For Oliver's first Christmas (in 2011) I put together photo books for my parents and in-laws.  Since he was born in January, it was almost a full year of photos.  My mom asked me earlier this week if I would do it for his 2nd year....which had me looking back through pictures taken just months ago that feel like they were years ago.  Remembering the feeling of taking a picture of my 2 year old lying on the floor, unable to sit or hold his head up yet still grinning from ear to ear (after he was taking trazadone and before the real treatments started).  Crying out to God to heal my baby.  I think I was more emotional tonight than I allowed myself to be during the whole experience...Mama had to keep it together. 

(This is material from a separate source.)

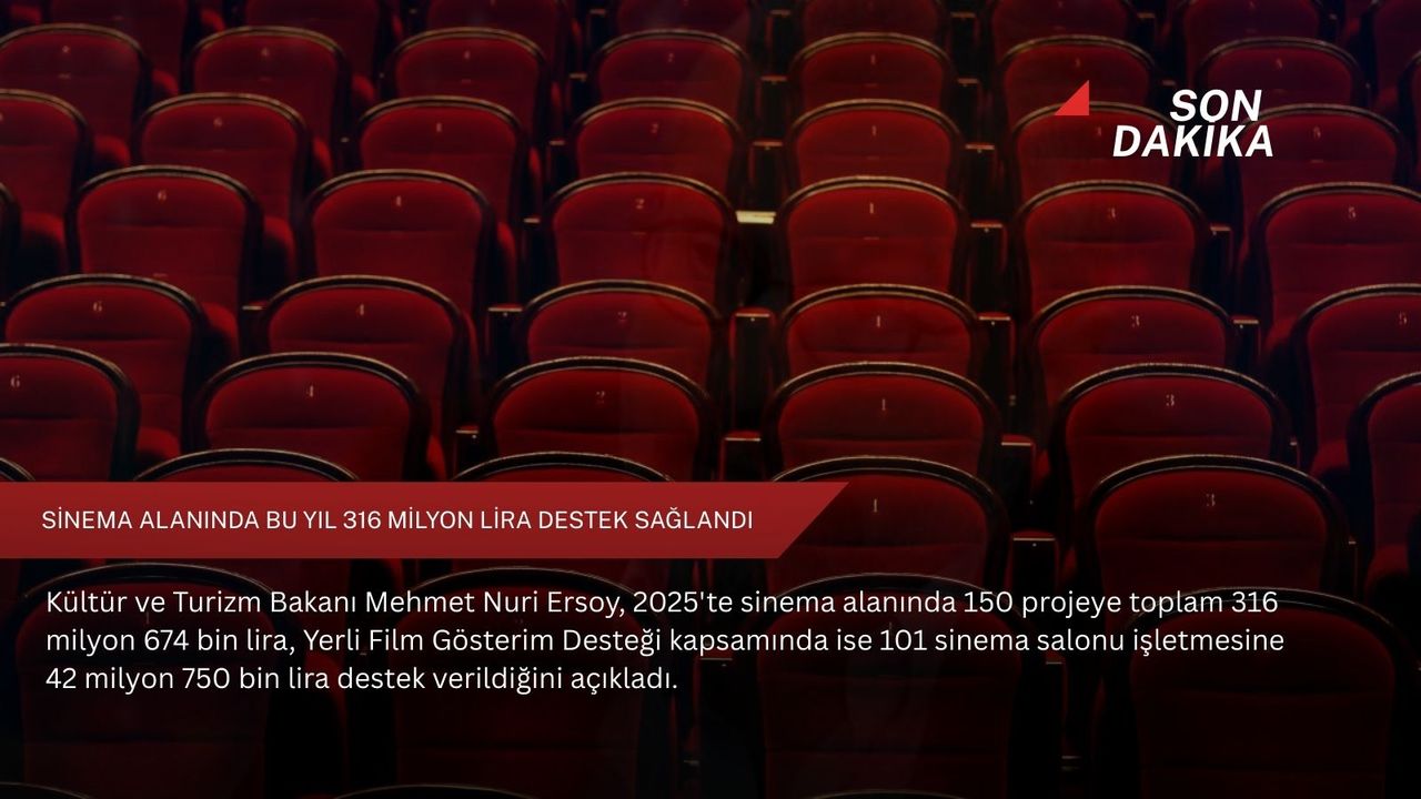 Bakan Ersoy, NSosyal hesabındaki paylaşımında, "Sinemada üretimi destekleyen, gösterim altyapısını güçlendiren bir yılı geride bıraktık. 2025 yılında Sinema Genel Müdürlüğümüz aracılığıyla sinema alanında toplam 150 projeye 316 milyon 674 bin lira destek sağladık. Yerli Film Gösterim Desteği kapsamında 101 sinema salonu işletmesine 42 milyon 750 bin lira destek verdik." ifadelerini kullandı.

It made me so thankful for friends and family- truly, brothers and sisters in Christ who have taught us to pray from a position of strength.  That we should truly cry out to Jesus for what we want and need...not "Just God, please...." anything.  To know beyond a shadow of doubt, full of faith, that He is standing by waiting to act on our behalf.  

Thankful we didn't pray- in our ignorance - for them to find something that was causing his symptoms- be it infection or neuroblastoma- so that we would at least know how to attack it.  No.  We prayed for complete healing from the top of his head to the bottom of his toes.  Yes, we still treated Oliver with pharmaceuticals and traditional medicine, but we believe his full recovery can only be a credit to God's hand at work in Ollie's tiny body.  (Not to mention the protection Ollie has received from any negative side effects of the high-power drugs he is taking)

So, take a moment and think about how many times you unwittingly (try) to limit God with your words.  Once it was pointed out to me, I realized how frequently I heard people set limits with words like "Please God, just_____", "God, if only you would_____", "Please, God, at least _____", etc.  Thank God he is able to work without our cooperation, but think how much more powerful we would be if we didn't limit God's action in our lives.  How much more freely He could bless us. 

I know I have a LOT of room to grow in my words.  It is an area that I am just beginning to understand and explore.  But for what it is worth, I see every day examples of how what we say creates how we feel and impacts our circumstances.  I love hearing Ollie say "I trong, I ealed, I a tictor" (I'm strong, I'm healed, I'm a victor) your brain only knows what it is fed :)  
*Ollie learned from Mimi this weekend:  "Mimi bootiful, Mimi nart, Mimi teetiy" (Mimi is beautiful, Mimi is smart, Mimi is pretty).  Maybe I need to start throwing in a few affirmations for mama:)* Just sayin'

So very very blessed.  And stepping off my soap box. 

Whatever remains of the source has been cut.